Entertainment Arts and Engineering won approval Friday to streamline and consolidate its two-year master's degree program under its own roof.

Program leaders started graduate classes in 2010, but students earned master's degrees in computer sciences or film and media with a concentration in video game design.

"We did it as an experiment," Executive Director Robert Kessler said at the Utah Board of Regents meeting Friday. "It's been a great experiment, and what we are asking is to take that temporary degree and turn it into a master's."

All 16 members of the first graduating class were employed when they completed their degrees last May, making a median income of $97,000. There are a total of 60 students in the program now, and demand in the profession is expected to increase by 30 percent over the next seven years, he said.

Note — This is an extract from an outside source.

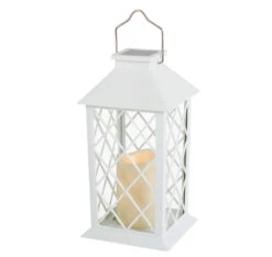 Blue Battery Operated Lighted Wood & Metal Americana Hologram Lantern – 13 Inch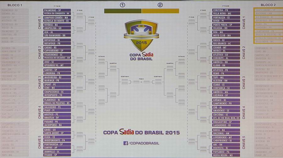 O sorteio realizado pela Confederação Brasileira de Futebol (CBF) nesta terça-feira (16) definiu os adversários dos clubes goianos na Primeira Fase da Copa do Brasil 2015. De acordo com o sistema adotado pela CBF, os 80 clubes participantes foram divididos em dois grupos. Confira abaixo os adversários dos três representantes goianos e chaveamento da competição:

The current degree was ranked No. 2 among graduate programs in the country by the Princeton Review earlier this month. Among undergraduate programs, the U.'s was named the best in the country.

The new version of the graduate degree will give video game program leaders more control over admissions and number of credit hours, Kessler said, and they've got their eye onNo. 1-ranked University of Southern California. "We'll always be trying," he said.

Students can focus on one of three areas: art-oriented game design, programming-centric game engineering, or project management-like game production.

Students in each discipline work together in groups to build games.

"The way we teach," Kessler said, "students learn to work with people who don't think the way they do."